These results suggest that IGF1 polymorphism has a possible role in changing the genetic susceptibility to LOAD in a Han Chinese population. (C) 2012 Elsevier Ireland Ltd. All rights reserved.”
“Burkitt’s lymphoma is a highly aggressive
B-cell non-Hodgkin lymphoma and is the fastest growing human tumour. The disease click here is associated with Epstein-Barr virus and was one of the first tumours shown to have a chromosomal translocation that activates an oncogene (c-MYC). Burkitt’s lymphoma is the most common childhood cancer in areas where malaria is holoendemic. The incidence is very high in immunosuppressed patients in non-endemic areas, especially when associated with HIV infection. Outcome with intensive chemotherapy has improved and is now excellent in children, but the prognosis is poor in elderly adults. The success of intensive treatment relies on good supportive care. The therapy offered in oncology units in low-income countries is not as aggressive as in centres in high-income countries PLX4032 order and outcomes are less successful. Adjuvant monoclonal antibody therapy with rituximab shows promise for improved outcomes and reduced
toxic effects in the future.”
“The antipsychotic drug, olanzapine, often induces weight gain and glucose metabolism disturbances, which may result from feeding pattern abnormalities.

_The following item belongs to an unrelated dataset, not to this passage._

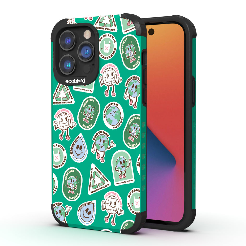 For the love of the planet, let's do it for the Greener Good with this cute design on our Mojave rugged iPhone 14 Pro Max case. Plastered with stickers that shout 'reduce, renew, recycle' and 'no plastic, it's fantastic,' this case is a walking billboard for eco-activism. Carry this message, spread the word, and let's sticker our way to a greener world together.

The objectives of the study were to examine the effects of a chronic olanzapine treatment on feeding patterns in the rat and to investigate a potential time-related association between feeding patterns and the appearance of glucose metabolism abnormalities and adiposity.
Male rats were treated with olanzapine (2 mg/kg/day), haloperidol (1 mg/kg/day) or a control solution (drugs mixed with the food). In experiment 1, treatments lasted 26 days and feeding
patterns were measured on day 21. In experiment 2, treatments lasted for 46 days, and an oral glucose tolerance test (OGTT) was realised on day 31. At the end Sulfite dehydrogenase of both experiments, plasma parameters and body composition were analysed.
In experiment 1, olanzapine-treated animals showed increased meal number, decreased ingestion rate, meal size and inter-meal interval, and no change in total food intake. Plasma glucose, OGTT and body composition were not altered. In experiment 2, after 31 days of treatment, fasting blood glucose was increased and OGTT indicated an insulin resistance. After 46 days of treatment, hyperglycaemia was aggravated (compared to 31 days), and adiposity was increased in olanzapine-treated animals. In both experiments, the haloperidol-treated rats did not differ from the control ones.
Chronic olanzapine treatment produces changes in feeding patterns, in a way consistent with an increased incentive drive to eat.